### THE RECORDS
:::

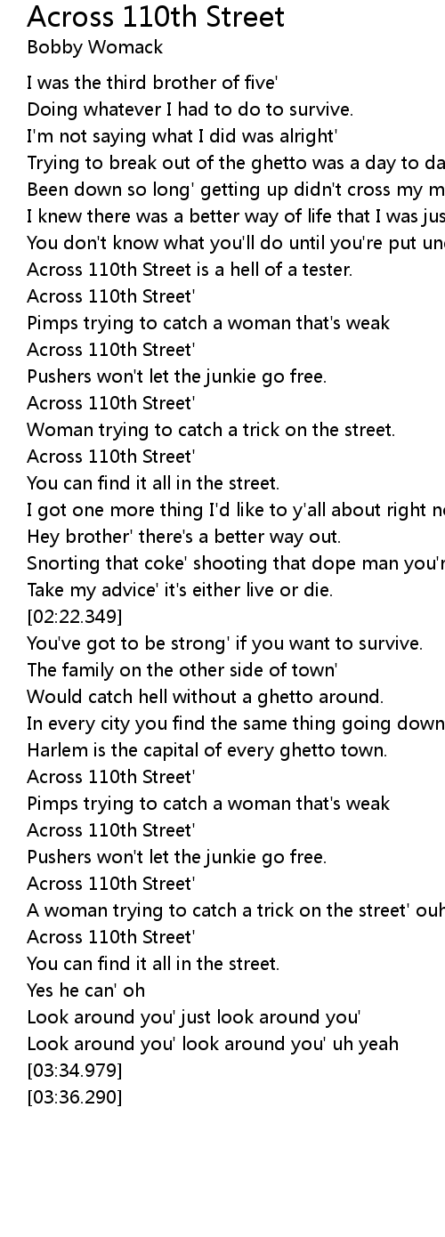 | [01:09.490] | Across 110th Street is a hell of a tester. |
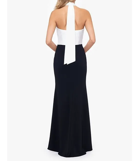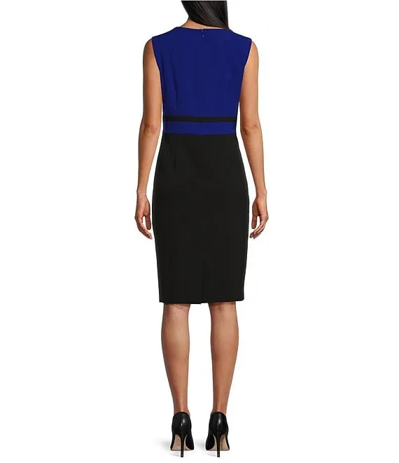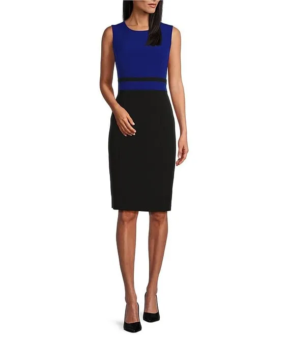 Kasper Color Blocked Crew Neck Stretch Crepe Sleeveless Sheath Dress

:::

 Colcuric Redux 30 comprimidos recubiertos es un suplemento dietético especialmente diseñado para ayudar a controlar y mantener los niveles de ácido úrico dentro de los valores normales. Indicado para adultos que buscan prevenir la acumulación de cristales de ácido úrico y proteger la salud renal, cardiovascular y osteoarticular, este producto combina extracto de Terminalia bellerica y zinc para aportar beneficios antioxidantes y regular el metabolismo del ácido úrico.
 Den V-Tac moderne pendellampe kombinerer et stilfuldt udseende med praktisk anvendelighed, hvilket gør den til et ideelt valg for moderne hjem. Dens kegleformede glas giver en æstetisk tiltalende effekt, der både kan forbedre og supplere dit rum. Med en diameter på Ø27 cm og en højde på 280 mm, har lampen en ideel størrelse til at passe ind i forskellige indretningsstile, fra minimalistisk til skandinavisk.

:::

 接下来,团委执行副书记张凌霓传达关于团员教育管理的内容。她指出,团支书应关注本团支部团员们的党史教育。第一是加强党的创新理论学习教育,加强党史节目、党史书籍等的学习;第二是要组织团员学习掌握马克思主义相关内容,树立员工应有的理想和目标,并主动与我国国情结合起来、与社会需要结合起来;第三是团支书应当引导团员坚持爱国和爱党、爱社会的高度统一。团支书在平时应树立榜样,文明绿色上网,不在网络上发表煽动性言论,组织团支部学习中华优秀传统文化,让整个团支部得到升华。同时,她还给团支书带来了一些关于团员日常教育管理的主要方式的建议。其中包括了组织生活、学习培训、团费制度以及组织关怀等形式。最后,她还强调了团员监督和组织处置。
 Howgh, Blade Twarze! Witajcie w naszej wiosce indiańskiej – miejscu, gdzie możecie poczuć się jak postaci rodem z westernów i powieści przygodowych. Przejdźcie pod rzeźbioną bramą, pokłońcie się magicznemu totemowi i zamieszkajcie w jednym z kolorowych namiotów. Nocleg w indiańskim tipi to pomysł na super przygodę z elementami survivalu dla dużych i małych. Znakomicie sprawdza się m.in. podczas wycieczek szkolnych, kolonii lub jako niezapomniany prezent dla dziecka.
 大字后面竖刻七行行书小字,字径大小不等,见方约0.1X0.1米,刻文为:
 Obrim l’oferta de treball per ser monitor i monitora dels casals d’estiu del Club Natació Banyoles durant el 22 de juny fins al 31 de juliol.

:::

### WHAT YOU WILL DO
Take the stretch of lines above from the one containing "Colcuric Redux 30" through the one containing "Den V-Tac moderne" and repeat it exactly, adding no other line.

### RESULT OF THE EXERCISE
 Colcuric Redux 30 comprimidos recubiertos es un suplemento dietético especialmente diseñado para ayudar a controlar y mantener los niveles de ácido úrico dentro de los valores normales. Indicado para adultos que buscan prevenir la acumulación de cristales de ácido úrico y proteger la salud renal, cardiovascular y osteoarticular, este producto combina extracto de Terminalia bellerica y zinc para aportar beneficios antioxidantes y regular el metabolismo del ácido úrico.
 Den V-Tac moderne pendellampe kombinerer et stilfuldt udseende med praktisk anvendelighed, hvilket gør den til et ideelt valg for moderne hjem. Dens kegleformede glas giver en æstetisk tiltalende effekt, der både kan forbedre og supplere dit rum. Med en diameter på Ø27 cm og en højde på 280 mm, har lampen en ideel størrelse til at passe ind i forskellige indretningsstile, fra minimalistisk til skandinavisk.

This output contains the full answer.